After receiving multiple unsolicited approaches over recent months, T-Ports will now run a structured bid process seeking proposals for investment.

“We think that what has been achieved to date is a credit both to the foundational investors and to growers who have responded so positively to the increased competition we have brought to the market,” T-Ports chief executive officer Nathan Kent said.

“Looking to the future, two key areas are emerging as central to our growth strategy: the first is additional infrastructure so we can warehouse more grain of all grades across our catchment; the second is about our potential to move from storage and handling to become a fully integrated service capable of offering highly competitive grain pricing year-round.”

T-Ports CEO Nathan Kent in the PT Bogasari Flour Mills test kitchen in Jakarta on a recent visit to Indonesia.

“This strategic investment process is a really exciting opportunity to further strengthen the T-Ports business in a way that is commercially invaluable to growers and to the wider South Australian grain industry.”

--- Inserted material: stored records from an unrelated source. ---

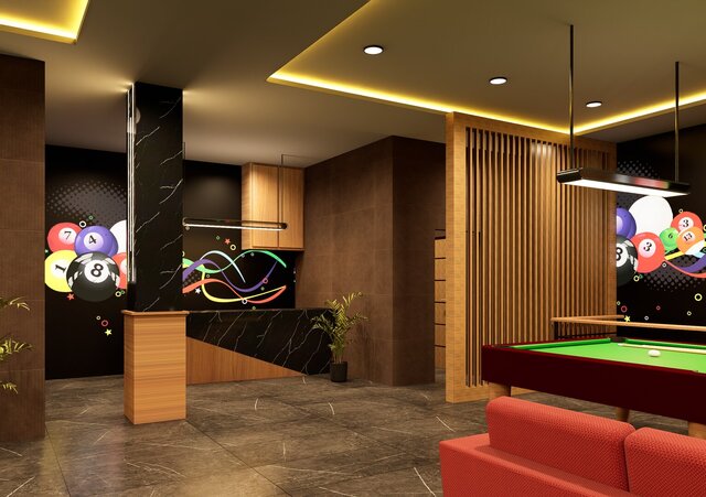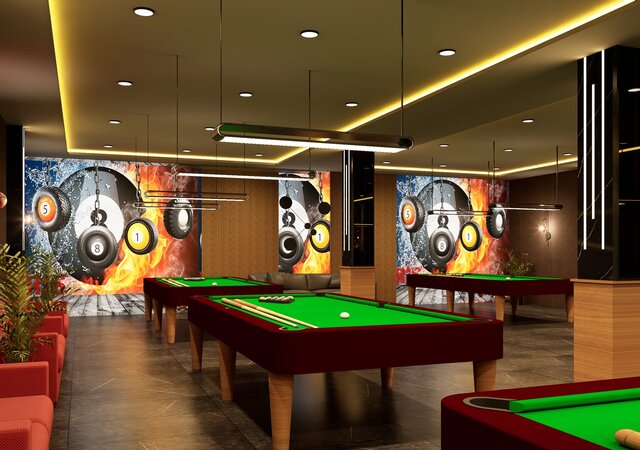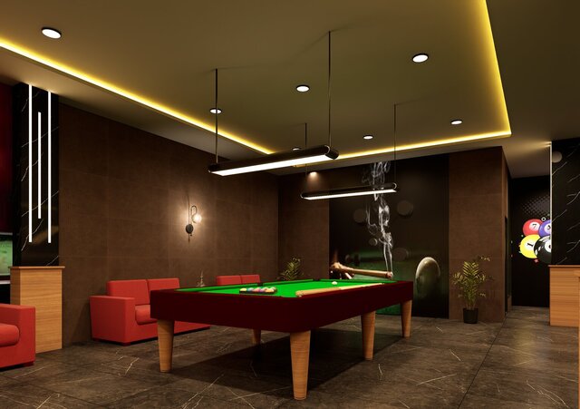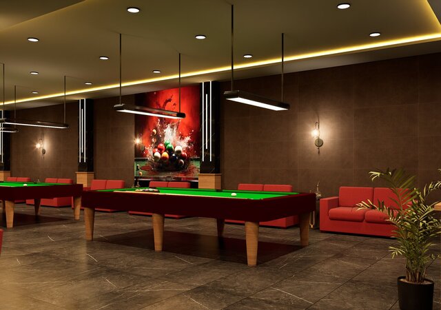 The snooker club is designed with a modern and contemporary approach, featuring a dark theme that creates a warm and cozy atmosphere. Accent lighting on the exterior walls and carefully selected wallpapers enhance the overall ambiance. LCD screens are provided for entertainment, along with a café facility, offering users a comfortable and enjoyable leisure experience.
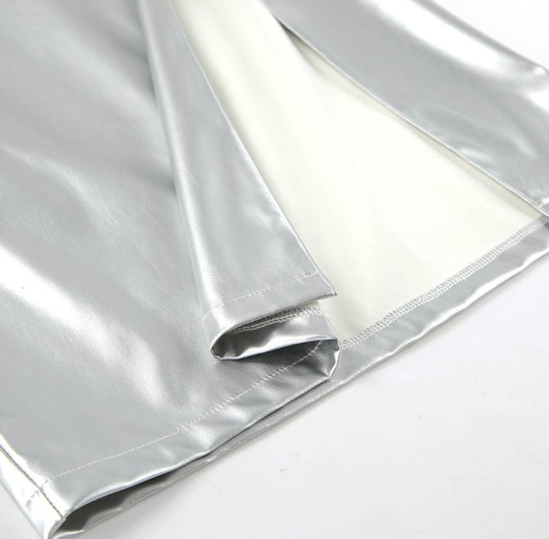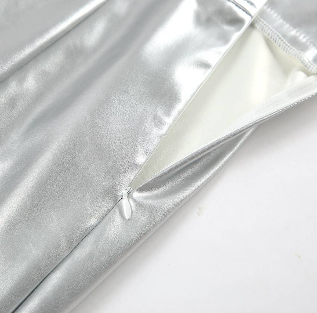 Unleash your inner fashionista with our Metallic Skirt! This stunning piece features a leg split and high rise for a flattering fit, along with a side zipper for easy wear. Made with eye-catching metallic fabric, this skirt is sure to turn heads and elevate any outfit.
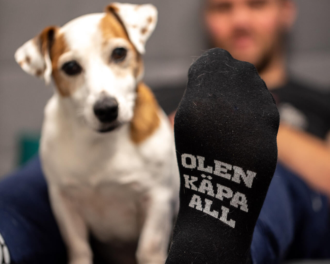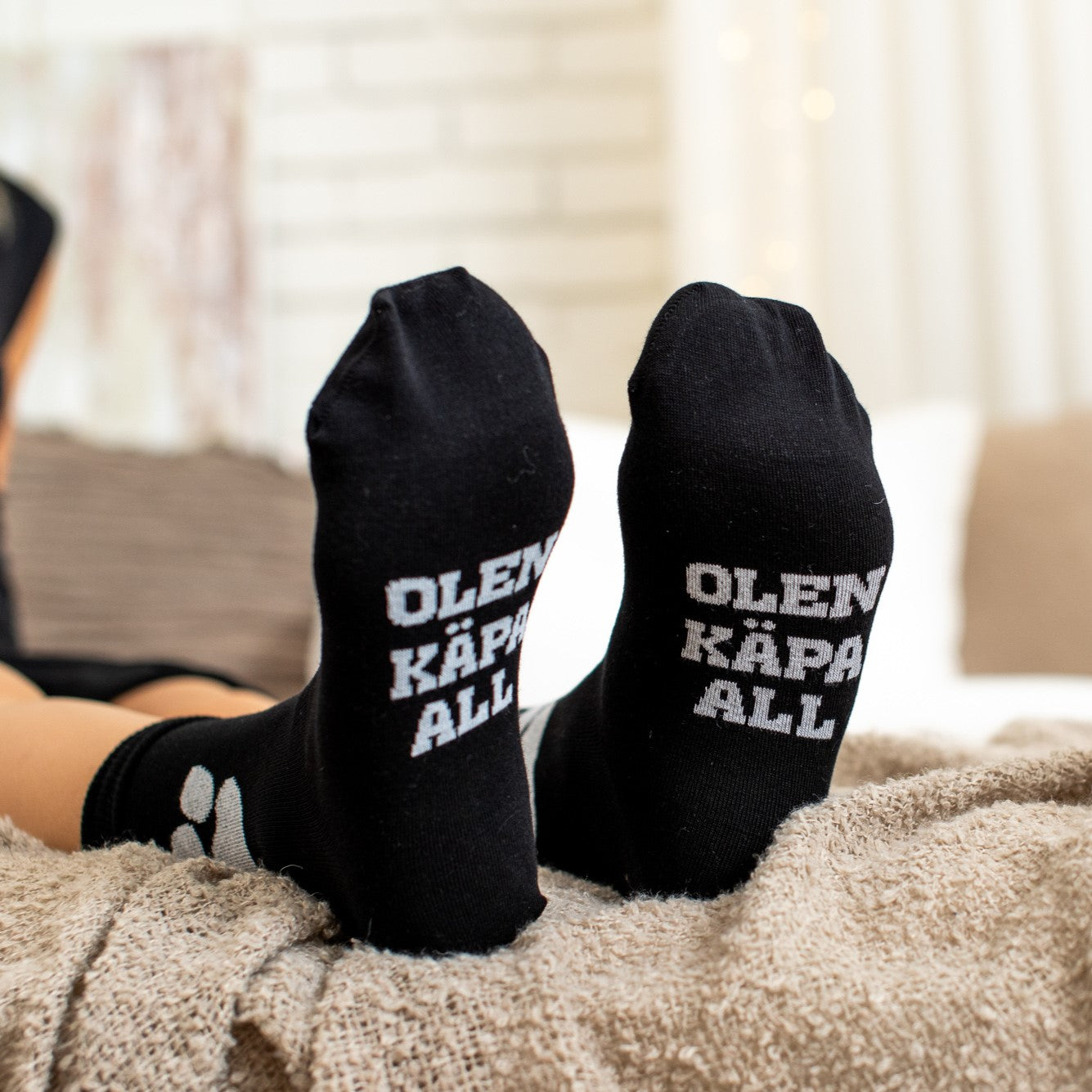 “Olen käpa all” toetajamärgised sokid on klassikalised sokid, mis sobivad igapäevaseks kasutamiseks. Puuvillasegu kangas tagab pehmuse ja mugavuse.
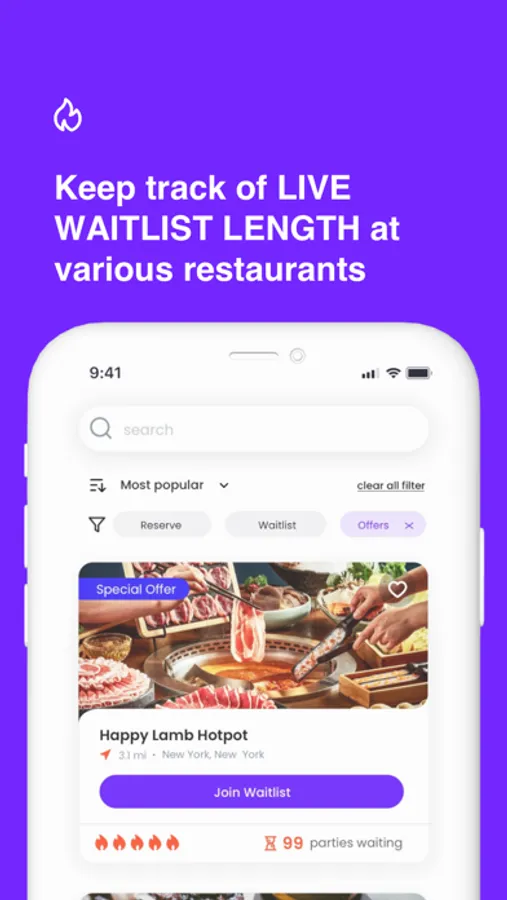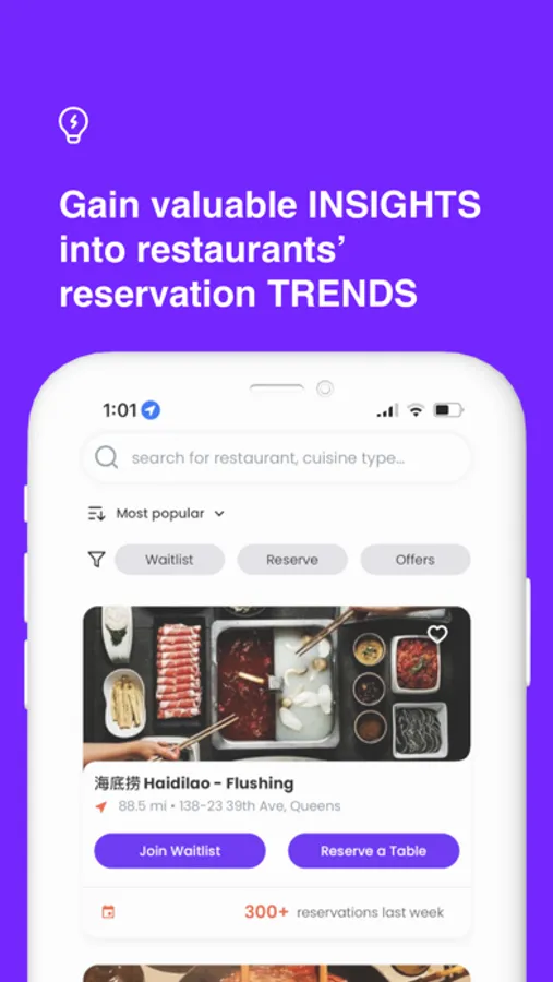 - Sort places by real-time line lengths/ reservation trends/ distance/ popularity
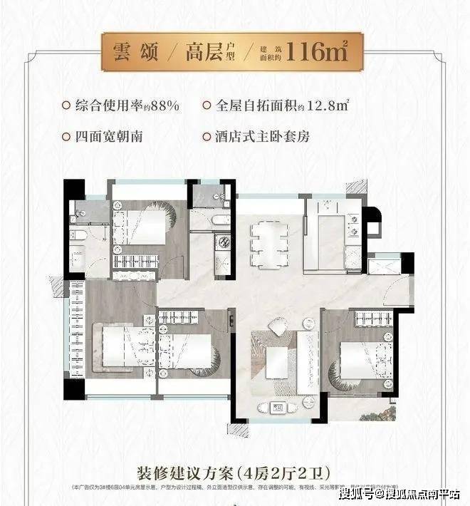 116㎡四房两卫:L型跑道阳台,部分房源可俯瞰海景,得房率88%。
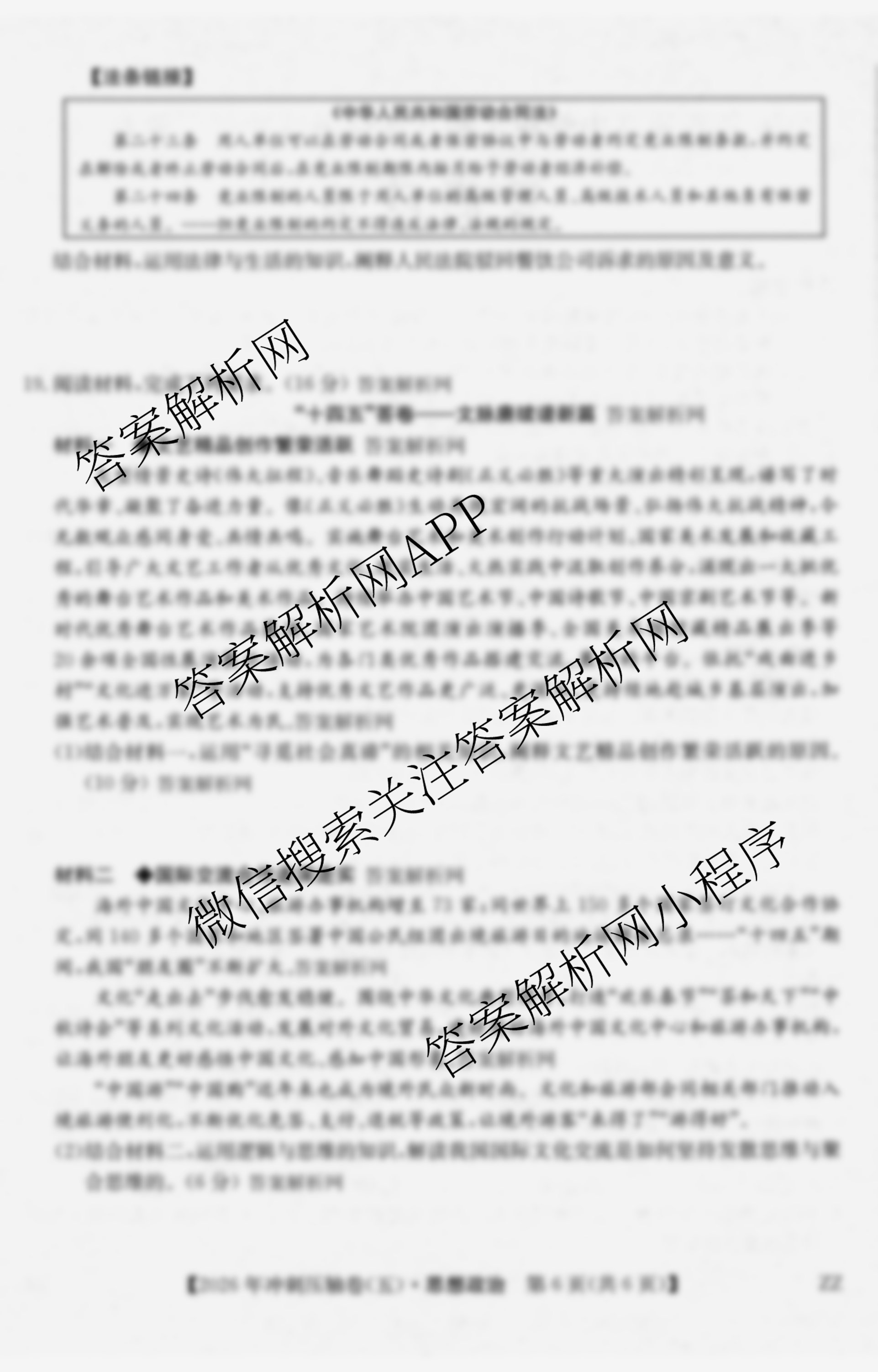 - [高三]2026年四川省普通高中学业水平选择性考试冲刺压轴卷(五)5政治(四川)答案
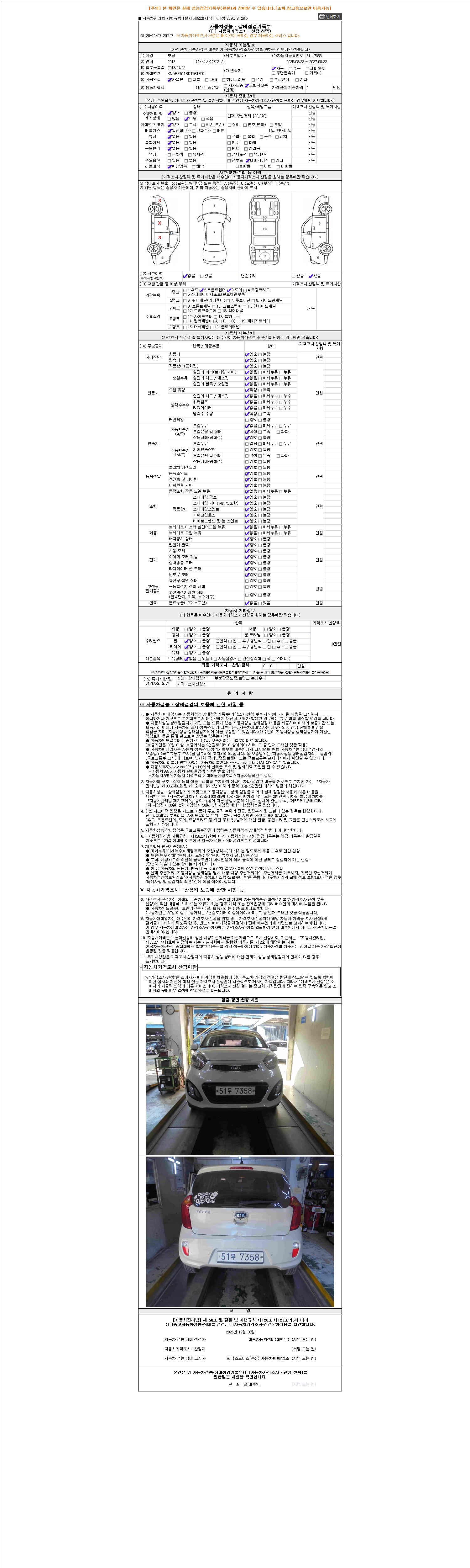 2. 차량 등록증이나 성능점검지 등을 상담자에게 요청및 확인하시고 사전에 미리 점검 하시기를 권유드립니다.
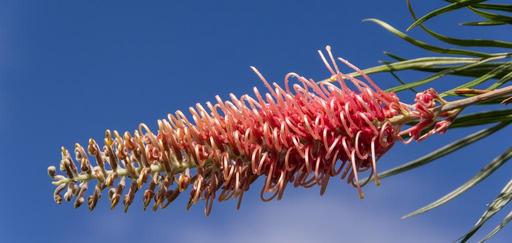 Keywords: grevillea flower australian native pink red nectar shrub garden bloom blue sky
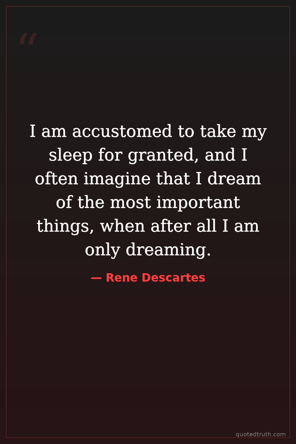 I am accustomed to take my sleep for granted, and I often imagine that I dream of the most important things, when after all I am only dreaming.
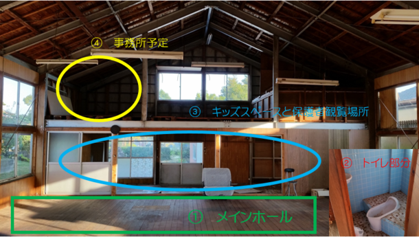 そこで、メインホール横の部屋を、小さなお子様が遊べるキッズスペースと保護者様がゆっくとくつろぎ、見学できるスペースを合わせた場所にリフォームしたいと思っております。
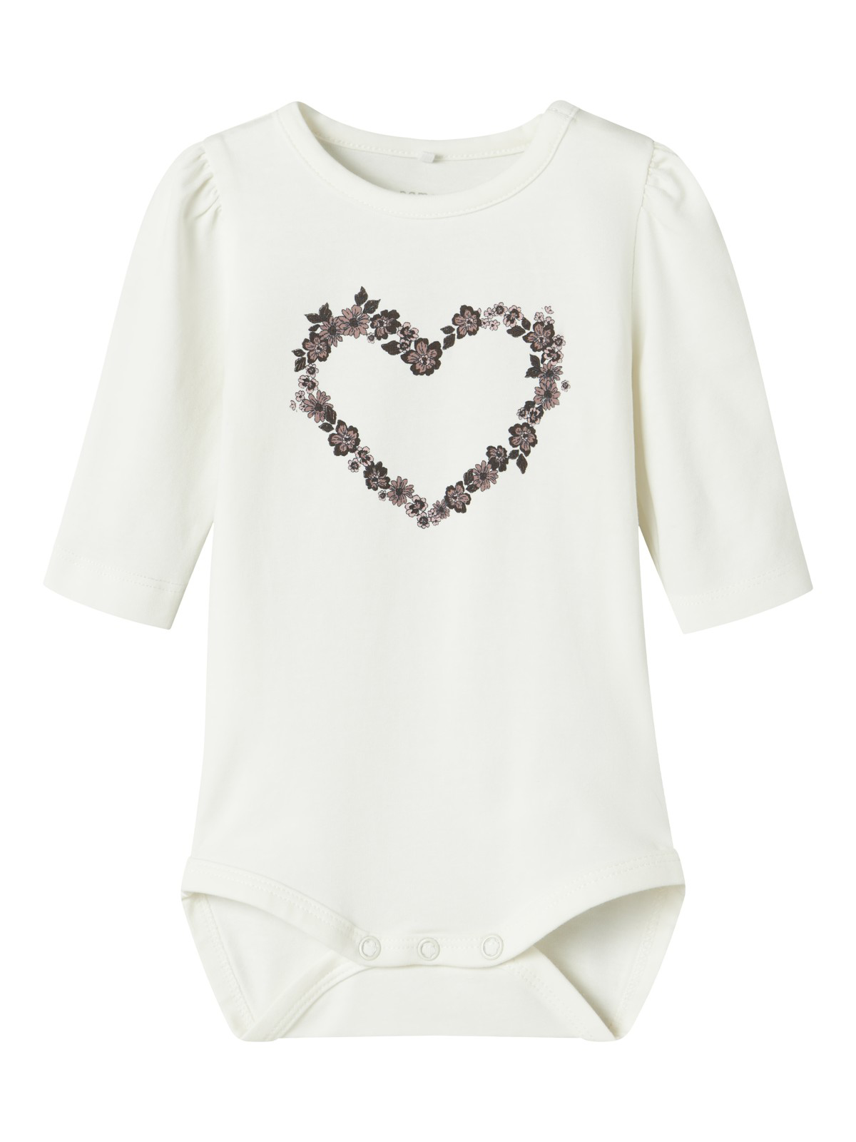 Sød Hummel Body fra Hummel til pige i råhvid med små Hummel logoer i forskellige farver over det hele. Den har praktiske trykknapper ved skulder og gylp.
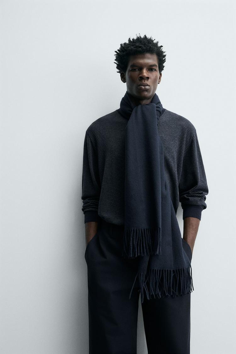 ZARA ШАРФ С БАХРОМОЙ, МОРСКОЙ СИНИЙ
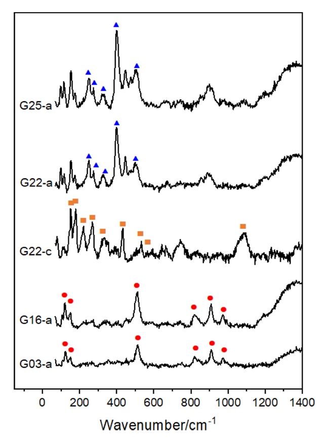 해석된다. 또한 라만 분석 결과, 119, 149, 511, 822, 911, 977cm-1에서 atacamite의 피크가, 251, 279, 324, 401, 503cm-1에서 botallackite, 155, 178, 217, 268, 354, 433, 538, 599, 1085cm-1 부근에서 malachite의 특성 피크들이 확인되었다(그림 6)[24-27].
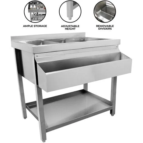 The bar work-station features 3 insulated ice wells with one including a drainer which can be used as a sink. You canāt have cocktails without ice and having the ice on hand is sure to make your cocktail making process a lot quicker!
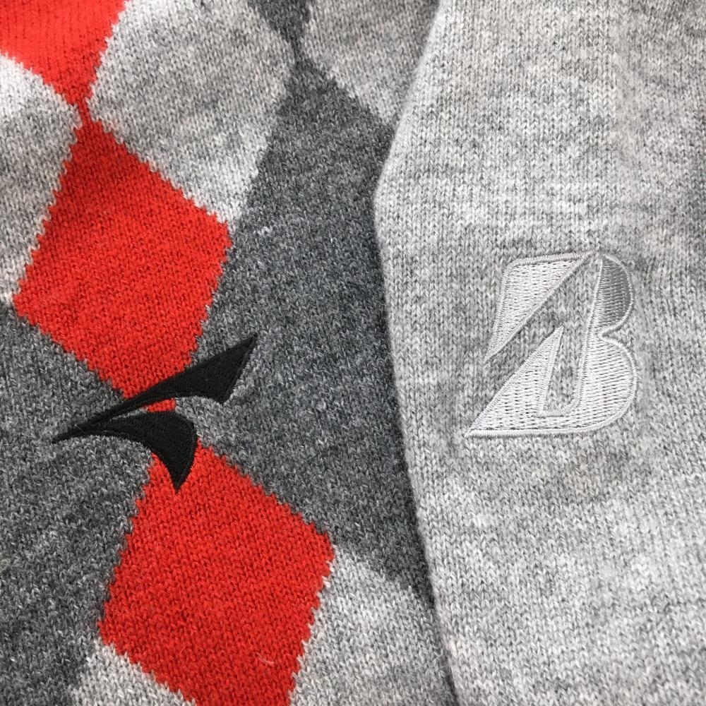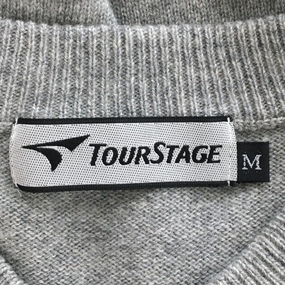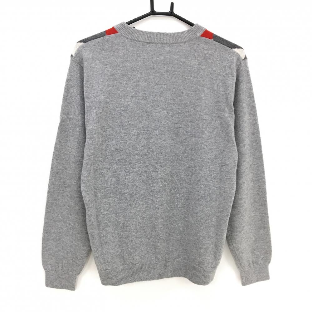 【美品】ツアーステージ セーター グレー×レッド アーガイル調 カシミヤ100% ニット メンズ M ゴルフウェア TOURSTAGE

The board of T-Ports has engaged Nash Advisory to lead the reinvestment process, led by Tom Butler and Lachlan Posar and assisted by Harry Bahr and Jock Mitchell.

Mr Butler has a strong background in ports and logistics, having worked for global port and logistics operator DP World within the M&A and origination team, and an information memorandum covering the entire T-Ports portfolio will be shared with select parties in the coming days.

Mr Butler said T-Ports being a “core-plus infrastructure” asset is expected to see it generate significant interest from a diverse pool of investors including commodity/grain traders, private equity firms, sovereign wealth funds, and infrastructure or supply-chain specialists.

“This represents a unique opportunity, given T-Ports’ vertically integrated model, with end-to-end ownership of infrastructure from inland terminals to portside operations and maritime-export capability,” Mr Butler said.

“This level of vertical integration is exceptionally valuable and underpins the business’s operational efficiency and competitive positioning.”

Grain and lentil production on EP and YP has been mixed in recent years, with rain in the past week brightening yield prospects no end for its growers.

T-Ports is widely acknowledged as having brought beneficial competition to YP and EP growers, who could previously  only export from both peninsulas via Viterra terminals.